Leftists can barely speak current english, so how would you expect them to understand anything the Founders said?


----------



## miketx (Jun 4, 2021)

BlackSand said:


> You should know what it means, it's not that hard to understand.


You're the one playing a word game, Nazi. To the shit pile with you where you belong.


----------



## BlackSand (Jun 4, 2021)

miketx said:


> BlackSand said:
> 
> 
> > You should know what it means, it's not that hard to understand.
> ...


.

What word game ... Feel free to expound.

What word did you disagree with?
What part of the example I gave was incorrect in your view?

Shit ... Even in the portion you quoted in your first response,
What exactly do you think was incorrect about the fact people having a problem understanding the Constitution
happens when their desires try to make it mean something it doesn't?

I mean seriously, that's what the people trying to take your guns away are doing, you nit-wit ...  

.​


----------



## danielpalos (Jun 5, 2021)

BlackSand said:


> danielpalos said:
> 
> 
> > Well regulated must be prescribed by our federal Congress for the militia of the United States.
> ...


Subject only to the police power, the right of the individual citizen to keep and bear arms shall not be infringed.  (Illinois State Constitution)


----------



## danielpalos (Jun 5, 2021)

miketx said:


> danielpalos said:
> 
> 
> > miketx said:
> ...


Well regulated must be prescribed by our federal Congress for the militia of the United States.


----------



## BlackSand (Jun 5, 2021)

danielpalos said:


> Subject only to the police power, the right of the individual citizen to keep and bear arms shall not be infringed.  (Illinois State Constitution)


.

I am not going to sue the State of Illinois in court to protect their rights.

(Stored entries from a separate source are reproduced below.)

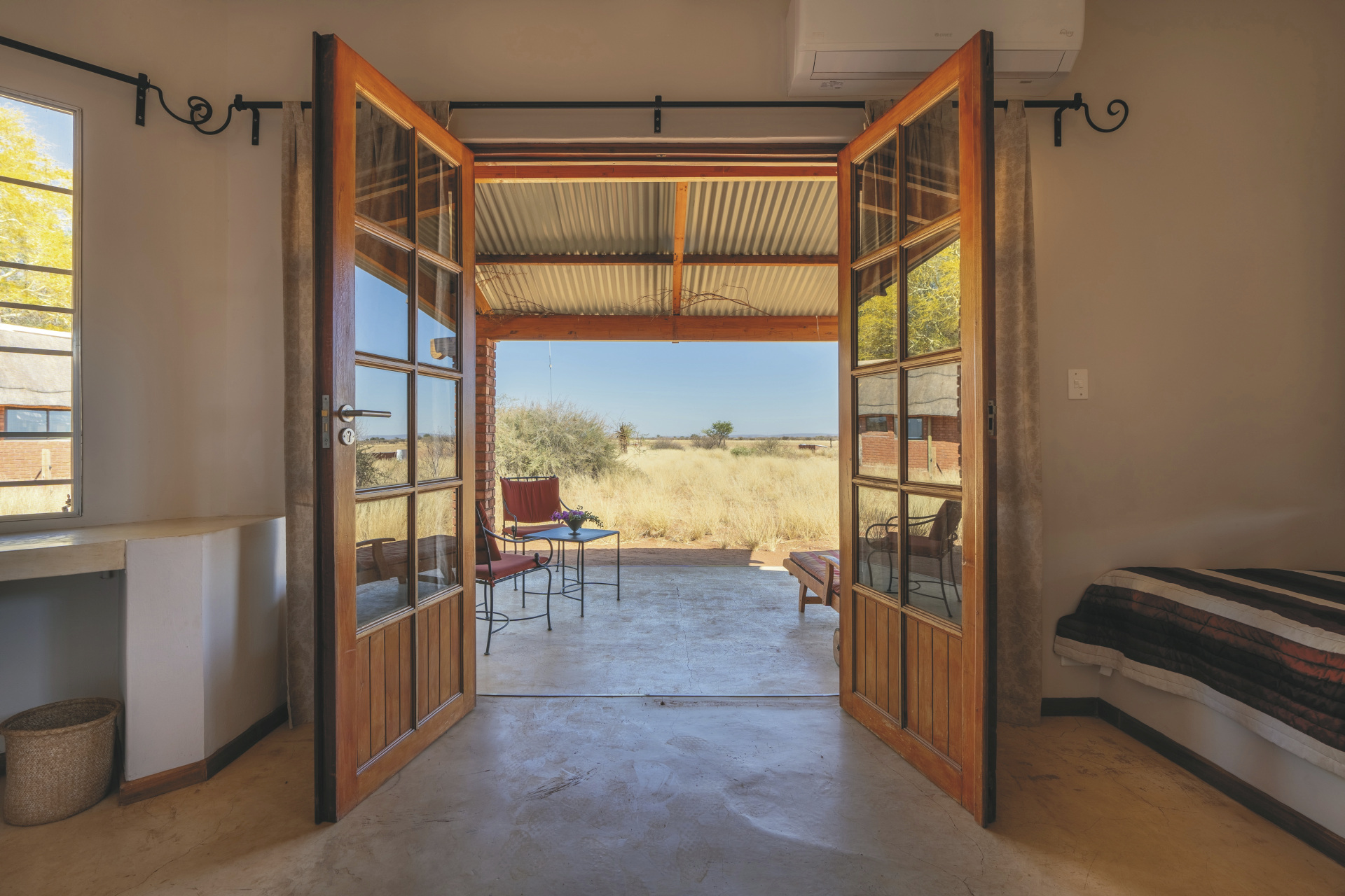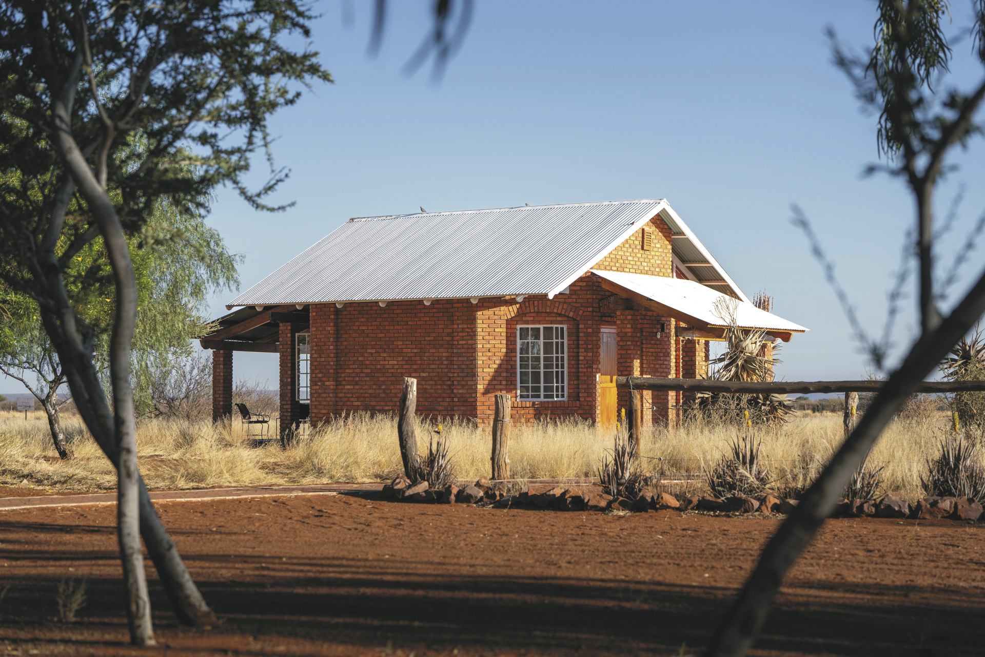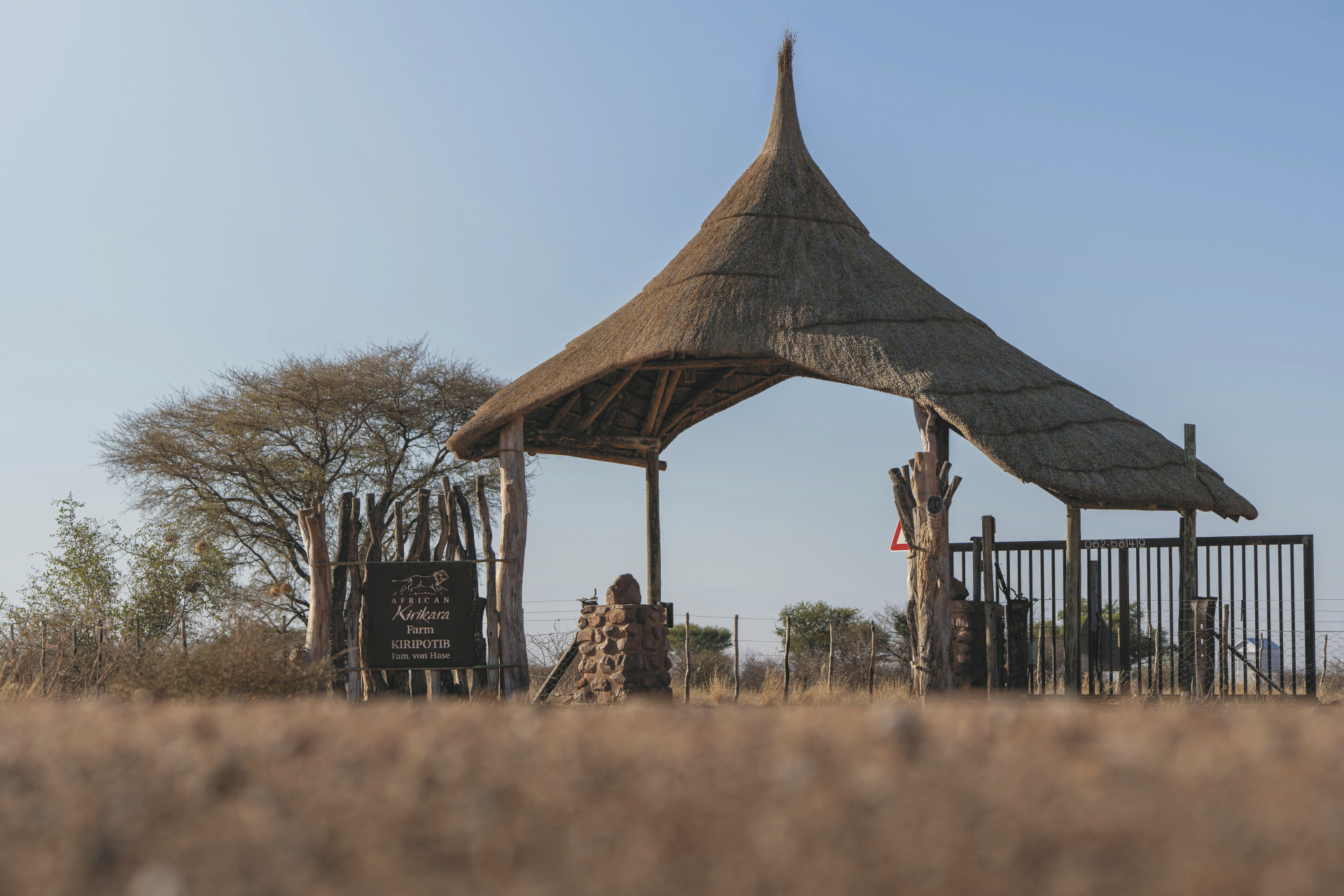 Das weitläufige Farmland für Rinder, Schafe und Wildtiere liegt ca. 160 km südöstlich von Windhoek und dem internationalen Flughafen (ca. 2 Fahrtstunden). Transfers möglich, Flugpiste vorhanden.
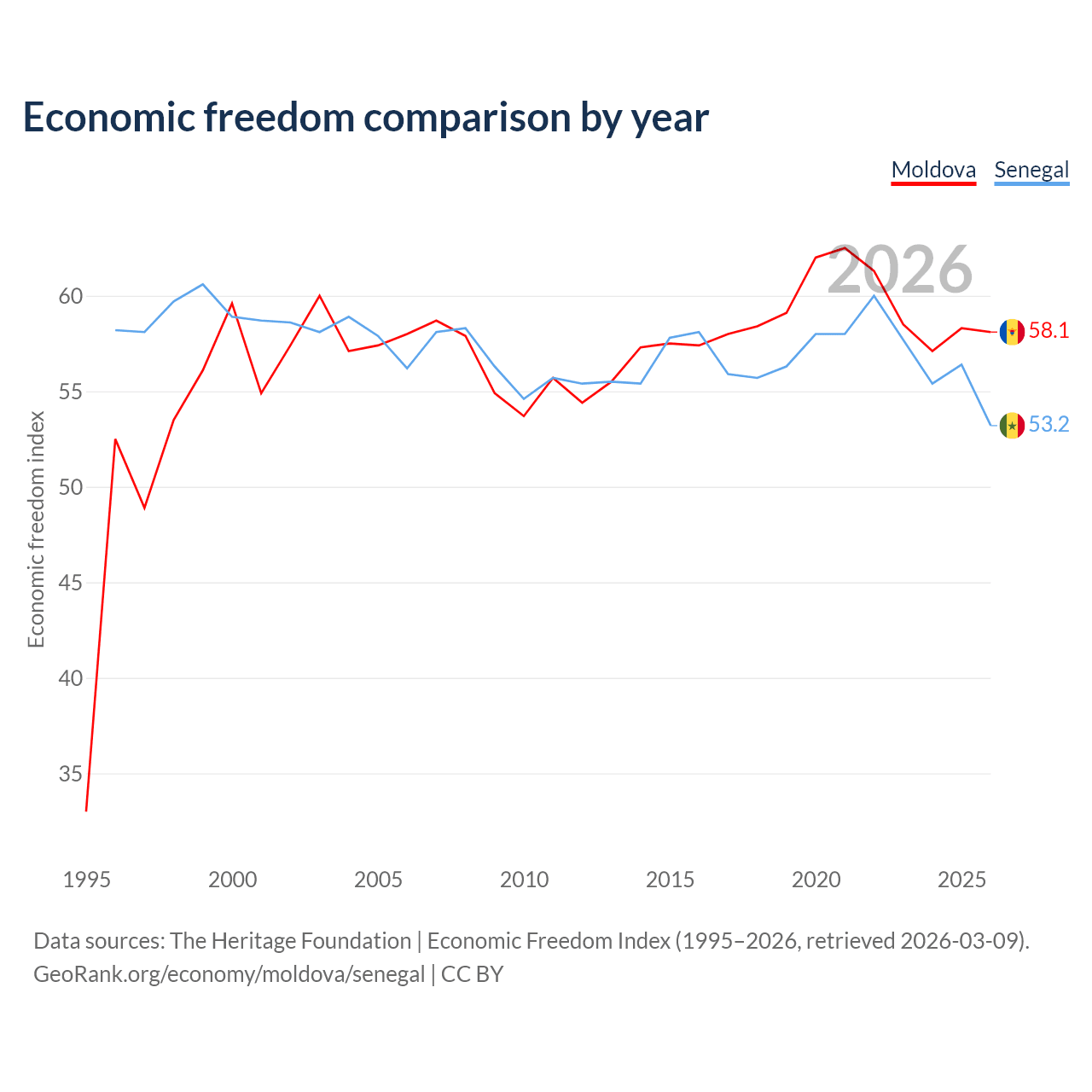 The Economic Freedom Index for Moldova is 58.1, ranking 112/197, compared to 53.2 for Senegal, ranking 140/197. The chart above displays a comparison of annual changes in economic freedom indexes.
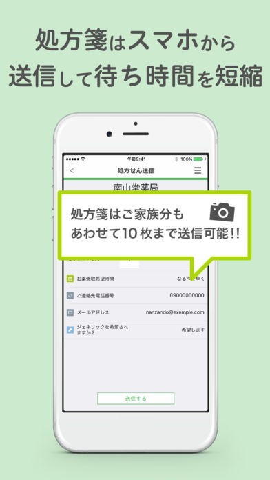 App Storeより引用南山堂アプリは、南山堂薬局全てでご利用いただける処方せんの予約アプリです。
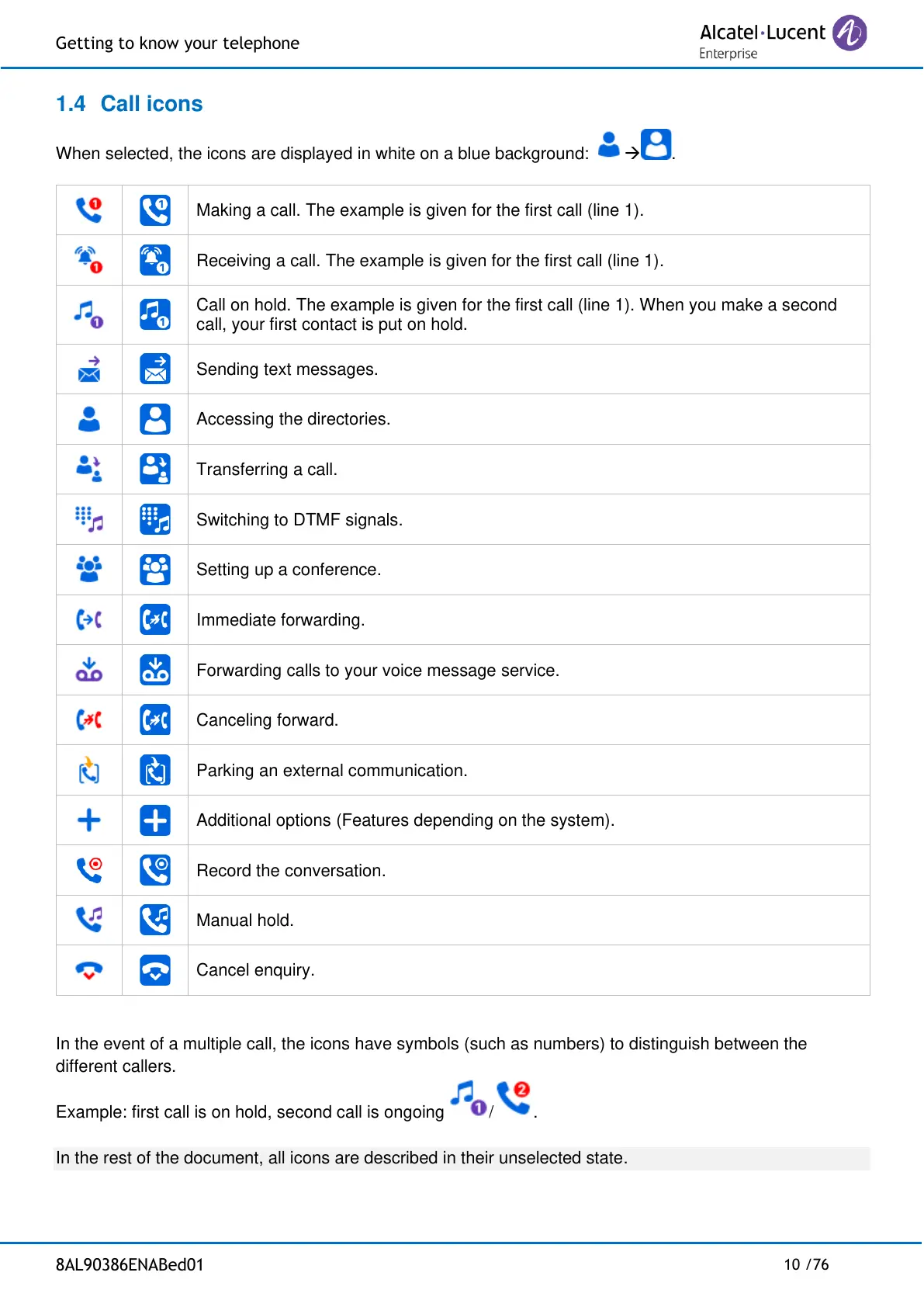 In the event of a multiple call, the icons have symbols (such as numbers) to distinguish between the
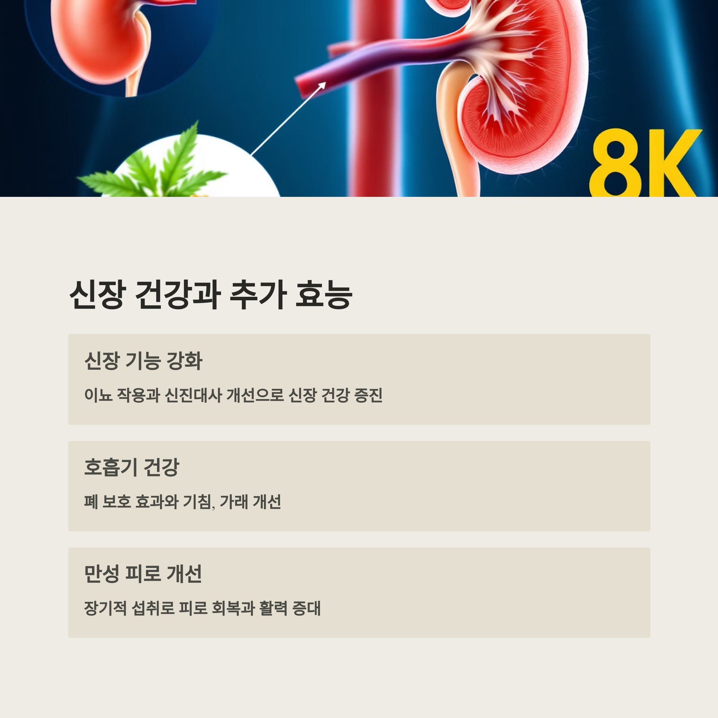 동충하초는 신장 보호 효능도 가지고 있습니다. 항산화 성분이 신장 세포의 산화 스트레스를 줄이고, 신장 기능을 유지하는 데 도움을 줍니다. 이러한 효과는 만성 신장 질환이나 당뇨병성 신증 등에서 보조적인 역할을 할 수 있습니다.
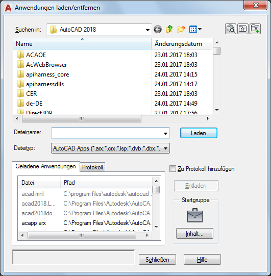 Wenn Sie eine bereits geladene Datei wählen, wird die Anwendung gegebenenfalls erneut geladen. ObjectARX-Anwendungen können nicht neu geladen werden. In diesem Fall entfernen Sie zunächst die ObjectARX-Anwendung und laden sie dann erst erneut. Die Option Laden steht auch in einem Kontextmenü zur Verfügung; klicken Sie hierzu mit der rechten Maustaste auf eine Datei auf der Registerkarte Protokoll.
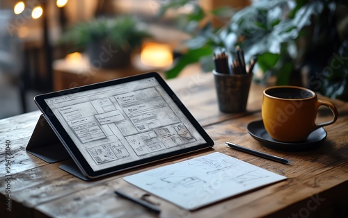 Craft a detailed artist charcoal sketch of a new landscape iPad product on a table, showcasing the products design with expressive shading
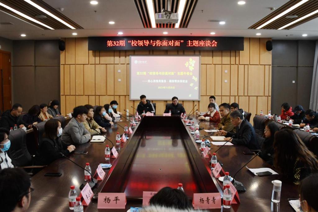 陈运超对毕业生代表提出的问题和建议一一作了回应。他谈到,习近平总书记在庆祝中国共产党成立100周年大会上讲到“未来属于青年,希望寄予青年”。青年大学生就业是学校重点开展的工作,学校有关部门和学院要充分认识到毕业生就业帮扶工作的重大意义。要充分利用社会资源,多方寻找就业单位,通过组织专场招聘、优先推荐、个别推荐等措施,积极为毕业生提供就业机会,同时加强对学生的就业技能培训和面试指导。陈运超对同学们提出四点建议:一是将国家和学校给予的帮扶内化为自身的行为。二是抓住学校提供的就业机会,积极作为,在参加考研和公务员考试的同时,抓住时机,不放弃学校提供的各类就业机会。三是对于参加应聘的同学,要正确看待企业需求,完善个人简历,做到合理预期,准确定位。四是抓住实习黄金期,积累足够的实习经验,做好进入社会就业的准备。

In the State where I live, we have a State Constitutional Amendment protecting our citizens rights to bear arms 
That avoided any language someone may want to argue about, and that was ratified by the People with a 75% margin.

.​


----------



## danielpalos (Jun 5, 2021)

BlackSand said:


> danielpalos said:
> 
> 
> > Subject only to the police power, the right of the individual citizen to keep and bear arms shall not be infringed.  (Illinois State Constitution)
> ...


Criminals of the People get infringed all the time. 

This is the common law for the common defense:

The defense and protection of the state and of the United States is an obligation of all persons within the state. The legislature shall provide for the discharge of this obligation and for the maintenance and regulation of an organized militia.


----------



## BlackSand (Jun 5, 2021)

danielpalos said:


> Criminals of the People get infringed all the time.
> 
> This is the common law for the common defense:
> 
> The defense and protection of the state and of the United States is an obligation of all persons within the state. The legislature shall provide for the discharge of this obligation and for the maintenance and regulation of an organized militia.


.

You don't have to tell me ... We handled that when the Amendment was added to our State Constitution.
Almost immediately a convicted felon sued for his rights under the State Constitution.
It made it all the way to State Supreme Court.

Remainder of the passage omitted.